9:12 AM <addshore> Yeah, unfortunatly i dont have many details of success, just normaly folk running into issues :P
9:12 AM <+zpapierski> tough question, it requires elemental knowledge of Flink
9:13 AM <+zpapierski> but in most cases, they won't need to, stream will be public
9:13 AM <+zpapierski> (at least that's the idea)
9:13 AM <addshore> well, not for non wikidata wikibases, we still need to cover the updating case there
9:13 AM <addshore> and the question is, is a whole streaming updater the right solution for a wikibase that gets 10 edits a day
9:14 AM <+zpapierski> in any case, there needs to be an easy solution - WDQS will be coupled basically the updater - that's a good point
9:14 AM <+zpapierski> sure - but if somebody picks up WDQS for their small wikibase, how will you guarantee the compatibility of wikibase munging vs streaming updater processing?
9:15 AM <+zpapierski> like I said, imho we still need to make streaming updater easily deployable
9:15 AM <addshore> thats a good question, but putting the munging in wikibase avoids having it in 2 places I figure
9:15 AM <addshore> If that is the path that we have to take and streaming updater is not ideal for small wikibases
9:15 AM <+zpapierski> I see where you come from, I really do
9:16 AM <+zpapierski> it's just feel like strong coupling in times where it will hurt us with blazegraph transition
9:16 AM <addshore> I'm going to copy this chat log into a comment in the ticket :) I think this was already a good chat, there is no real rush on this at all, just keeping it in thought etc!
9:16 AM <+zpapierski> ok :)

Addshore renamed this task from Move WDQS "munging" of RDF into WIkibase RDF output code to Consider moving WDQS "munging" of RDF into WIkibase RDF output code.Jul 23 2021, 8:32 AM
TJones renamed this task from Consider moving WDQS "munging" of RDF into WIkibase RDF output code to Consider moving WDQS "munging" of RDF into Wikibase RDF output code.Jul 26 2021, 3:25 PM

Cross posting from T245542: Make rdfDump.php export in WDQS-ready format

This is probably strongly related to T287231: Consider moving WDQS "munging" of RDF into Wikibase RDF output code
If the desired output for wdqs was held within Wikibase or a PHP extension, then:

  1. dumpRdf could dump data in the format expected by wdqs, removing the need for munging
  2. Special:EntityData could serve the right format, avoiding the need for munging during updates
  3. The same RDF could more easily be pushed into other stores (not blazegraph)
  4. Other update mechanisms (such as the use of MediaWikiJobs become more realistic for Wikibase for 3rd parties)

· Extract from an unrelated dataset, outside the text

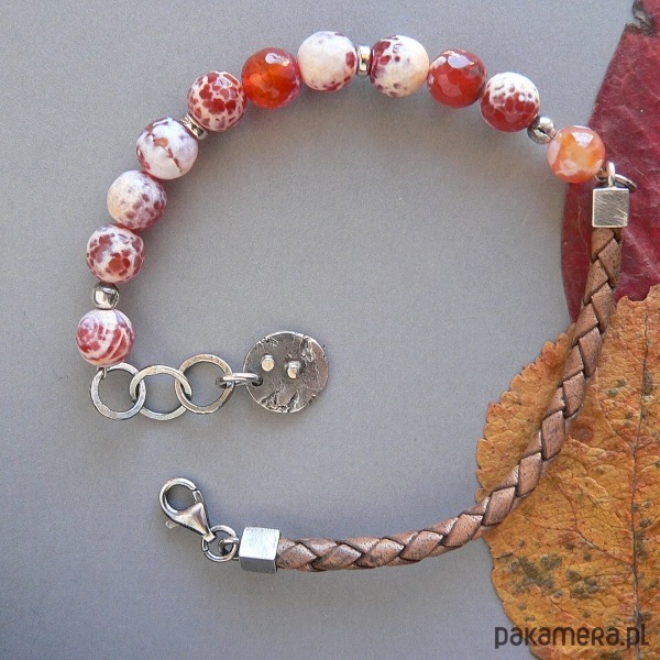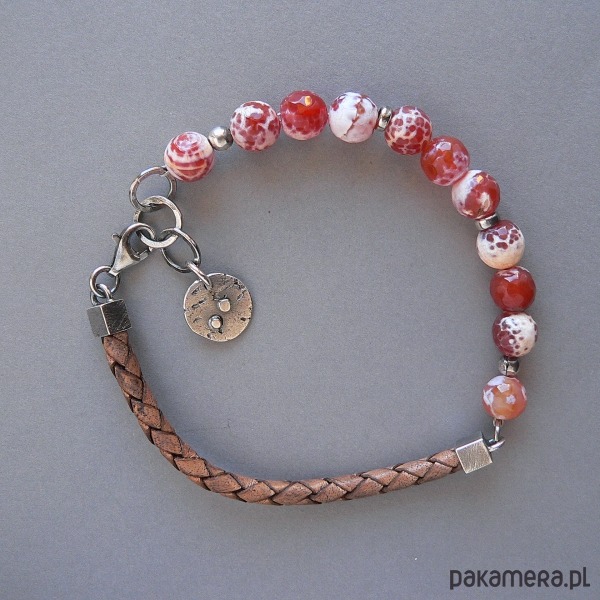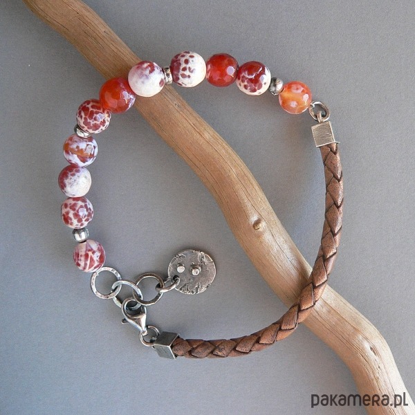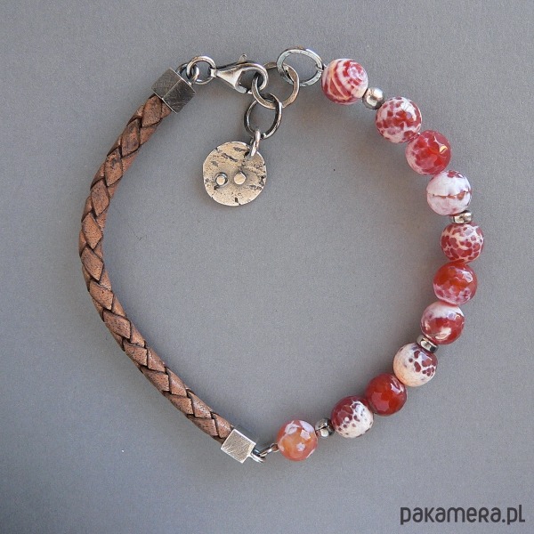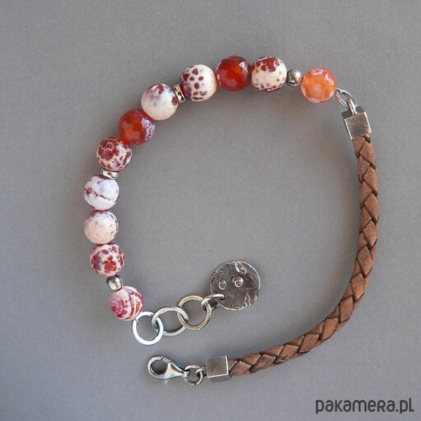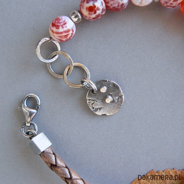 NA ZAMÓWIENIE , TERMIN REALIZACJI 3-4 DNI ROBOCZYCH. wykonana z agatów ,srebra i rzemienia w odcieniu brąz-vintage. Wymiary kamieni 0,8 cm Srebrne elementy mają surową fakturę, oksydowane i polerowane.

I would like to understand the reasons why there are two versions of Wikibase RDF, one that is for example returned by requesting it for an item such as https://artbase.rhizome.org/wiki/Special:EntityData/Q2585.ttl and one that is first munged and then handed over into the triple store. Given the architecture of WIkibase, the RDF solely exists to enable SPARQL querying and federation, it is not the actual source of truth or canonical storage format, but a derivative of the JSON blobs stored in MySQL. How would already exporting the desired RDF format increase coupling, rather than removing an unnecessary step?